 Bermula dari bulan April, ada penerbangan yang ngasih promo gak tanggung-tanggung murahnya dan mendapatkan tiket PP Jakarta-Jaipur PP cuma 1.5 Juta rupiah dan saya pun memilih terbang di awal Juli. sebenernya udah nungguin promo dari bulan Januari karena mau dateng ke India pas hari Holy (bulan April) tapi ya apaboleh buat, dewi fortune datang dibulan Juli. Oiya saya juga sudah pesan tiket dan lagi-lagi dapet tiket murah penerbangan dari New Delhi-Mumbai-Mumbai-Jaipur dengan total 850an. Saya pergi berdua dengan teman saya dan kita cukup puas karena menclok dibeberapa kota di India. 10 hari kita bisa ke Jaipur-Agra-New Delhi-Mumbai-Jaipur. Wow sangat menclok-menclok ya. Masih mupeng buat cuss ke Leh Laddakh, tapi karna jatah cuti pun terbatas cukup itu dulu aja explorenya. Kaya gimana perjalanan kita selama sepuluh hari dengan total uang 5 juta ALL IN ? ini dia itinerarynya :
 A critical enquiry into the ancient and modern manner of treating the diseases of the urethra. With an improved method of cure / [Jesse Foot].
★ ★ ★ ★
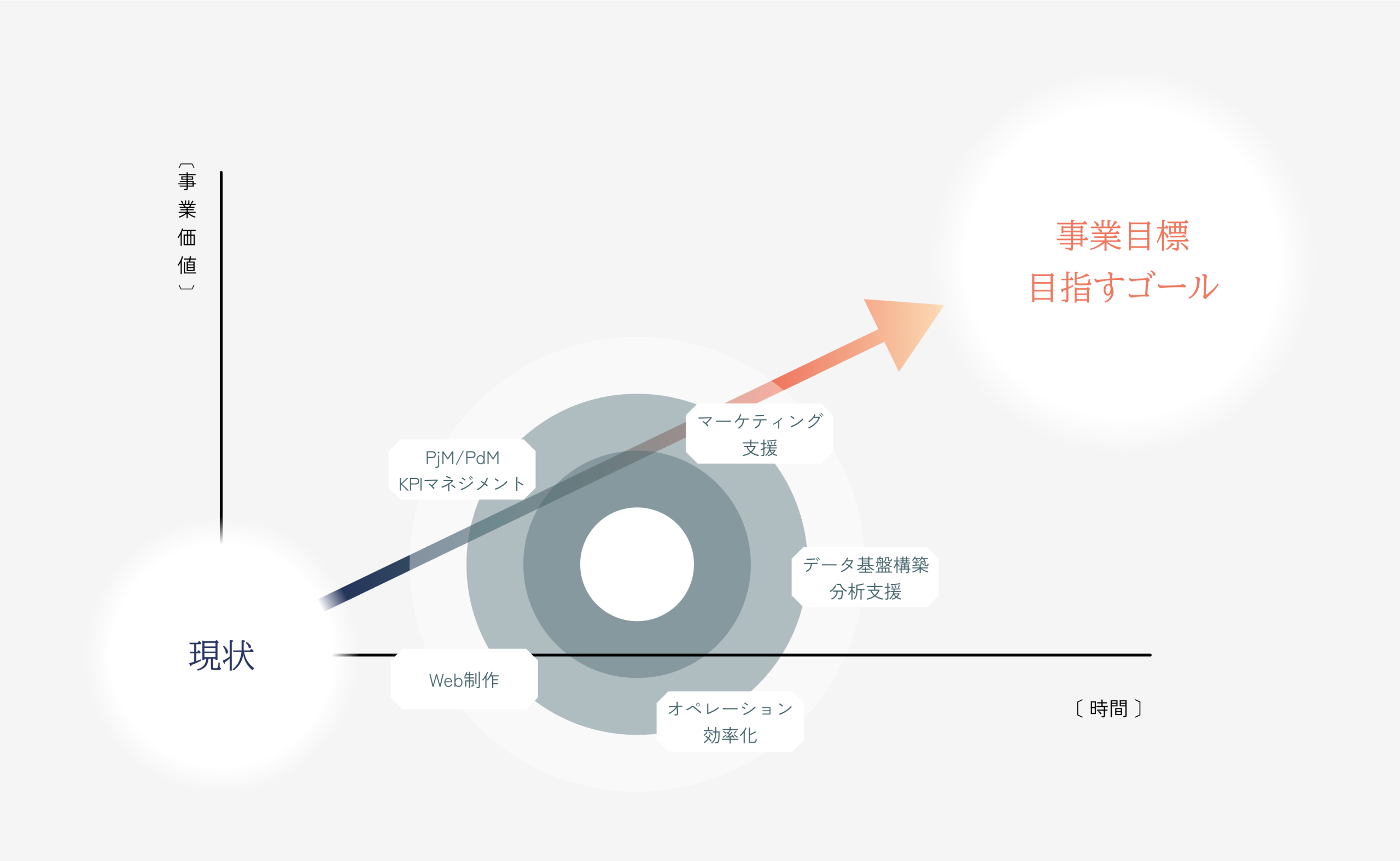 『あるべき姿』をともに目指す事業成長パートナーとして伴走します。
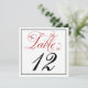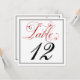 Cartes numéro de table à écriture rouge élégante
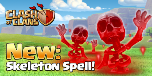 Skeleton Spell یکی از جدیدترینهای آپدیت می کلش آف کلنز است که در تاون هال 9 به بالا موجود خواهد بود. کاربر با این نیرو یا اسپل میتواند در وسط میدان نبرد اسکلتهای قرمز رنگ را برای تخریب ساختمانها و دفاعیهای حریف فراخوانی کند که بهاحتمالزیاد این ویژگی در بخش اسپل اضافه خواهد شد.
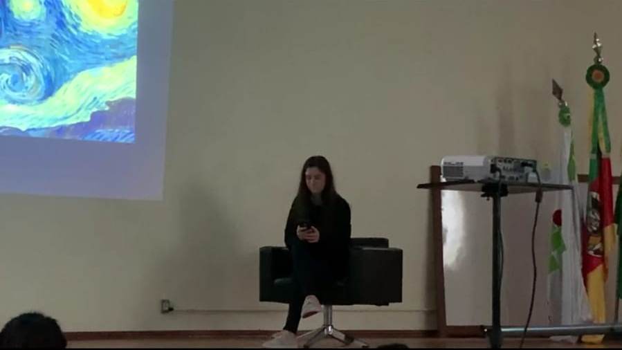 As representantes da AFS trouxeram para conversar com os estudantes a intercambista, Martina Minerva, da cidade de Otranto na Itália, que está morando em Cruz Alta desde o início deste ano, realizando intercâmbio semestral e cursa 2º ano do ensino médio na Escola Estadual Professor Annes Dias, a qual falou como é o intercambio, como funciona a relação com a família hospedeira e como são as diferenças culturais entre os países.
★ ★ ★ ★
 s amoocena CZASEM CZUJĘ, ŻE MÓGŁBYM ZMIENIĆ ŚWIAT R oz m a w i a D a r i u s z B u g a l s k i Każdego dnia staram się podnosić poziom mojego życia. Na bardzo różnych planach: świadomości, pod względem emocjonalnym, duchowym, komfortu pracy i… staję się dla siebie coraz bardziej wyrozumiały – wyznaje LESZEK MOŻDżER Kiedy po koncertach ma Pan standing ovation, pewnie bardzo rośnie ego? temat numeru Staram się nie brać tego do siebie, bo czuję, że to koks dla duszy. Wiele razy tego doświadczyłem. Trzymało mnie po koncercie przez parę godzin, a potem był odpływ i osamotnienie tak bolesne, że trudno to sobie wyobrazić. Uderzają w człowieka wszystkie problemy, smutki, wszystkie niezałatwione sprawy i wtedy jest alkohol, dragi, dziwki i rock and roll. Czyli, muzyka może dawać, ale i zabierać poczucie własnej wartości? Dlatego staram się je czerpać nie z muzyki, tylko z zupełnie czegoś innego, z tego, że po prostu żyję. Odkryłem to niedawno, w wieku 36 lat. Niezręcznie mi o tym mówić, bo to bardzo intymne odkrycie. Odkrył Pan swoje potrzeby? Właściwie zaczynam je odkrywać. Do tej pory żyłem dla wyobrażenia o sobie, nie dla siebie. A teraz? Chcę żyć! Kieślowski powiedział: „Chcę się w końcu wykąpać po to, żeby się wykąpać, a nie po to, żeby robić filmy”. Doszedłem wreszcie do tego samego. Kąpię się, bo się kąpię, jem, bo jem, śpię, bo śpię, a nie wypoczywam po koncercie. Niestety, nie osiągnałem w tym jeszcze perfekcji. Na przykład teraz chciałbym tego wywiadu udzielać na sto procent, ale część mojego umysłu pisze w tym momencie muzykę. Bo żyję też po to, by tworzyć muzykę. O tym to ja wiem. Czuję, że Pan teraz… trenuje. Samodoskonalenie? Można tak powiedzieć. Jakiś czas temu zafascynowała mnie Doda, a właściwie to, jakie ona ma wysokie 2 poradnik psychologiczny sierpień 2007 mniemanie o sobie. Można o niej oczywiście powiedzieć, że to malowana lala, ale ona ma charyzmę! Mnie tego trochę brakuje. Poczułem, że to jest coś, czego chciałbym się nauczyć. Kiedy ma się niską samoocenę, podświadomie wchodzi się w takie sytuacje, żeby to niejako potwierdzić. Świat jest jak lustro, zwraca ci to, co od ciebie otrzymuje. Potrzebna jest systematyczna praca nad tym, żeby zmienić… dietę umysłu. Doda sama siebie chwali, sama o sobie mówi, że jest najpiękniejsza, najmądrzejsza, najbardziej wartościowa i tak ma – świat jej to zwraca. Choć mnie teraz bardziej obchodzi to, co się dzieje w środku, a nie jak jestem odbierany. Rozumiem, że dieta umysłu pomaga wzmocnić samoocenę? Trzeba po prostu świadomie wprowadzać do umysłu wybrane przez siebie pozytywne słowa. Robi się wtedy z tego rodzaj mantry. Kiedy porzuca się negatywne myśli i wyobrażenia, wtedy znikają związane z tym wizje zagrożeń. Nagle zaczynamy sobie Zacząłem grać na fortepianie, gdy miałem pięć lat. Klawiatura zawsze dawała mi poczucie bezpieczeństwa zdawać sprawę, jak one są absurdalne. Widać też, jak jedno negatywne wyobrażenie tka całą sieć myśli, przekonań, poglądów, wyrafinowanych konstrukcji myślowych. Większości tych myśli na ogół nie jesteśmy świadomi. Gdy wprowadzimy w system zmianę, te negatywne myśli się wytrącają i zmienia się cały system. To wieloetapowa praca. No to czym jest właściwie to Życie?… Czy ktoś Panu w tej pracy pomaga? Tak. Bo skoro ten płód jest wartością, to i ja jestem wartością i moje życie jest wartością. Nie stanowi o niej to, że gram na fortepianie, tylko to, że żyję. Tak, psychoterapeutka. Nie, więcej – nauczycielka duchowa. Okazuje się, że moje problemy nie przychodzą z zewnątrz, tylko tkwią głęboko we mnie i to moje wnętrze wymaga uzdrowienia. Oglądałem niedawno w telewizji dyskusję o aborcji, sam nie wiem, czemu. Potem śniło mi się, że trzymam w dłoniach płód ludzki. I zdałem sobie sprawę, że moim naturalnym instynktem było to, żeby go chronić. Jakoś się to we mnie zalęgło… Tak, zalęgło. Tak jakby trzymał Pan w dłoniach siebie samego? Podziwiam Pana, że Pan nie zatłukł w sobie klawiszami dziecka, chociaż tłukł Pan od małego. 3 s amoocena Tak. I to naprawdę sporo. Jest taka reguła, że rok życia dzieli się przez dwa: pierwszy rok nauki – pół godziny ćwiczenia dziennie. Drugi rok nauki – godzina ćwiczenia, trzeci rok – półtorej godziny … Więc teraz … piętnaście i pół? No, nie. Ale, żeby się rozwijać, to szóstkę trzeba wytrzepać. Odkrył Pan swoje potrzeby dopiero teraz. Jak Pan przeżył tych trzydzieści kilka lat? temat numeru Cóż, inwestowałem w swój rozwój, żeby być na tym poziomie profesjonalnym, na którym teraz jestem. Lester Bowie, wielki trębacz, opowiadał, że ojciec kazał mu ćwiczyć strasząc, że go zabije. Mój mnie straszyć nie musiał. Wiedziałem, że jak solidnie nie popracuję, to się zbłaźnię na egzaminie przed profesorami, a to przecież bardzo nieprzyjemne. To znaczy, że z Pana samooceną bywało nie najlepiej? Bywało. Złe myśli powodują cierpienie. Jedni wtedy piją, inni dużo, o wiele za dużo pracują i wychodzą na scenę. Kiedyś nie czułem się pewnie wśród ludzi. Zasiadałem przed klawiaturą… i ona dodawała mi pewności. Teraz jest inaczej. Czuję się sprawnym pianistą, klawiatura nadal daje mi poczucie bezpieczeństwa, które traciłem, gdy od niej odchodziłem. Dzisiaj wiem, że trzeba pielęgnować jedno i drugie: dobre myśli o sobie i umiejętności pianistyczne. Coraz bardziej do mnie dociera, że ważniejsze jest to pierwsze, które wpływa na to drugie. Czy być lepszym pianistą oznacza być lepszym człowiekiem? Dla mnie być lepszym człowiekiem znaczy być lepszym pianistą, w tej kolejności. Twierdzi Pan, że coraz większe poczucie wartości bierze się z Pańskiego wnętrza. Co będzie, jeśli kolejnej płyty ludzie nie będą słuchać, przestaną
★ ★ ★ ★
**TASK DETAILS**
Find "Bermula dari bulan" in the entries above and copy that whole line exactly, then each line after it through the line that contains "A critical enquiry".

**YOUR SOLUTION**
 Bermula dari bulan April, ada penerbangan yang ngasih promo gak tanggung-tanggung murahnya dan mendapatkan tiket PP Jakarta-Jaipur PP cuma 1.5 Juta rupiah dan saya pun memilih terbang di awal Juli. sebenernya udah nungguin promo dari bulan Januari karena mau dateng ke India pas hari Holy (bulan April) tapi ya apaboleh buat, dewi fortune datang dibulan Juli. Oiya saya juga sudah pesan tiket dan lagi-lagi dapet tiket murah penerbangan dari New Delhi-Mumbai-Mumbai-Jaipur dengan total 850an. Saya pergi berdua dengan teman saya dan kita cukup puas karena menclok dibeberapa kota di India. 10 hari kita bisa ke Jaipur-Agra-New Delhi-Mumbai-Jaipur. Wow sangat menclok-menclok ya. Masih mupeng buat cuss ke Leh Laddakh, tapi karna jatah cuti pun terbatas cukup itu dulu aja explorenya. Kaya gimana perjalanan kita selama sepuluh hari dengan total uang 5 juta ALL IN ? ini dia itinerarynya :
 A critical enquiry into the ancient and modern manner of treating the diseases of the urethra. With an improved method of cure / [Jesse Foot].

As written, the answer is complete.